In an April 23 earnings call to discuss the company’s first quarter financial results, Kelly Ortberg, president and chief executive of Boeing, cited Starliner as one of the company’s fixed-price programs where the company has improved cost management after serious overruns.
Boeing took $523 million in charges against earnings on Starliner in 2024 as the company dealt with delays in the launch of the Crew Flight Test (CFT) mission and problems with the spacecraft suffered after launch.

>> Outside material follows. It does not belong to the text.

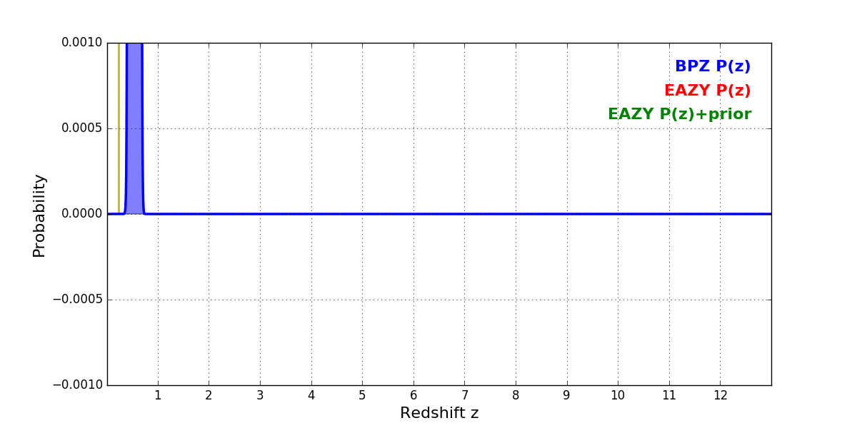 In P(z) plots: Yellow lines mark the cluster redshift z = 0.228,

The company has taken just over $2 billion in charges on Starliner through the life of the program.
The company, though, did not report any additional losses on Starliner in the first quarter. “We are continuing to work toward crew certification and resolve the propulsion system anomalies,” the company stated in a 10-K filing with the U.S. Securities and Exchange Commission. “Risk remains that we may record additional losses in future periods.”
In the earnings call, Ortberg said the company had made “real good progress” on fixed-price contracts like Starliner as well as some military aircraft.
“I think we’ve got all these programs now well contained” in terms of how much it will cost to finish them, known as estimate to complete or ETC. “Now, I’m not claiming victory here yet. We’ve got a lot of work to do on the ETCs on a lot of these programs. But I do think our disciplined cost risk management and active management with our customers to get to a win-win on these programs is helping.”
There was no other discussion about Starliner in the call or the SEC filing, including progress on work to resolve thruster problems and helium leaks suffered on the CFT mission.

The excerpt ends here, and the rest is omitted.